O impulso de atrair idosos para a Internet surgiu principalmente nos EUA, onde a SeniorNet organiza cursos para idosos em todo o país. Este grupo de usuários, sediado em São Francisco, arregimenta quase 20 mil membros, além de oferecer recursos e arquivos online cobrindo desde questões de saúde até a Segunda Guerra Mundial.

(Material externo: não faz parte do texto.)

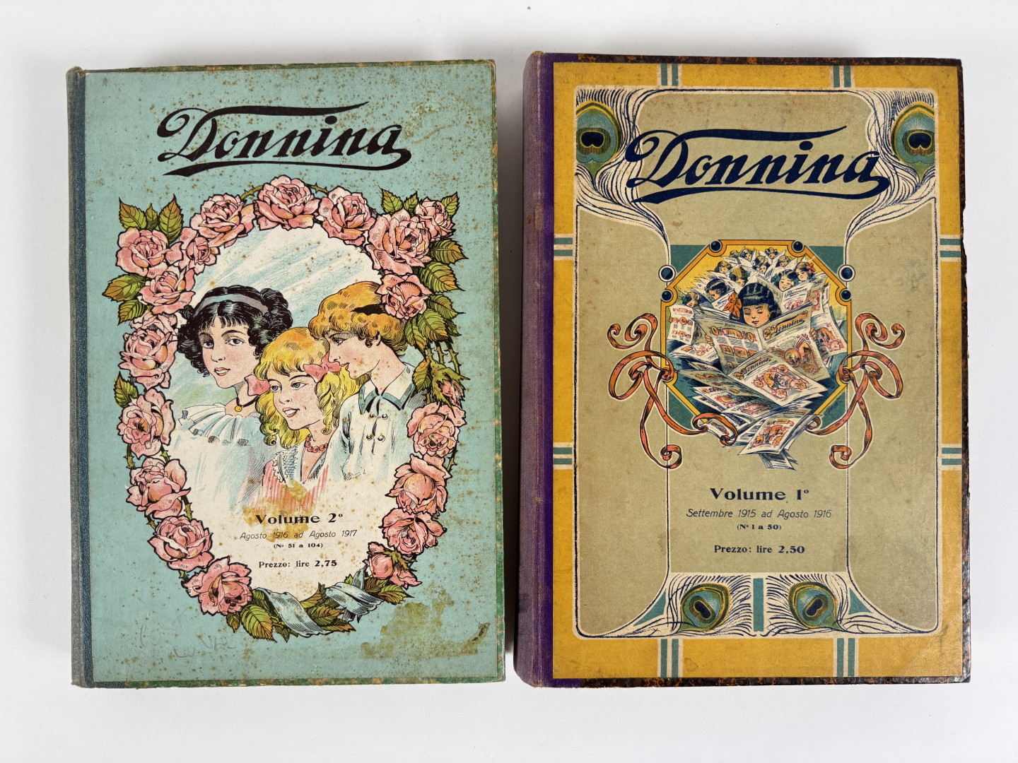Lotto composto da due volumi rilegati contenenti i primi 104 fascicoli di Donnina. In buone condizioni.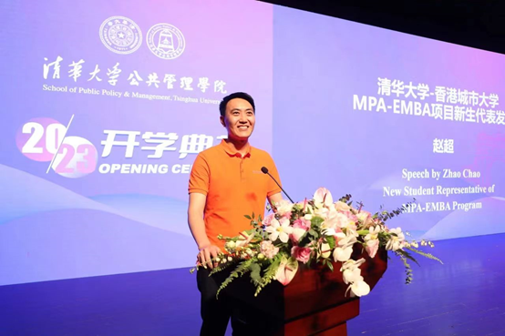 9月1日,清华大学公共管理学院2023年开学典礼在蒙民伟音乐厅隆重举行。23级新生赵超同学代表MPA-EMBA 项目发言。赵超同学提到,他将传承“清华人”务实的特点,谨记“自强不息、厚德载物”的校训,勤而行之,日有所进,践行公共价值和企业家精神,让这个世界变得更加美好,更加和平,更加可持续。

O provedor America OnLine, disponível também na Inglaterra e outros países Europeus, patrocina um repositório notável de informações sobre memórias de guerra, onde usuários idosos podem participar, relatando suas próprias histórias, com narrativas de eventos passados, incluindo Holocausto, Guerra no Pacífico e os julgamentos de Nuremberg. Outro grande provedor, CompuServe, promove um fórum especializado na vida dos aposentados. Os velhinhos passam horas papeando nesses fóruns, jogando conversa fora sobre os mais diversos assuntos: pechinchas em seguros de automóveis, festas religiosas e conversas sobre jogo de Bridge.
Antes de ir se deitar, Novelene loga-se mais uma vez na Rede para ler as últimas mensagens. Deixa sempre uma notinha para Joan, contando alguma fofoca de família, analisando uma ou outra passagem da Bíblia, ou comentando um episódio específico do seriado Star Trek. Ela sorri e abre seu coração: "Sabe o único arrependimento que tenho na vida?" e continua: "É que eu vejo algo assim tão maravilhoso e excitante, todos esses inacreditáveis avanços tecnológicos no mundo, e chego à conclusão de que nasci cedo demais."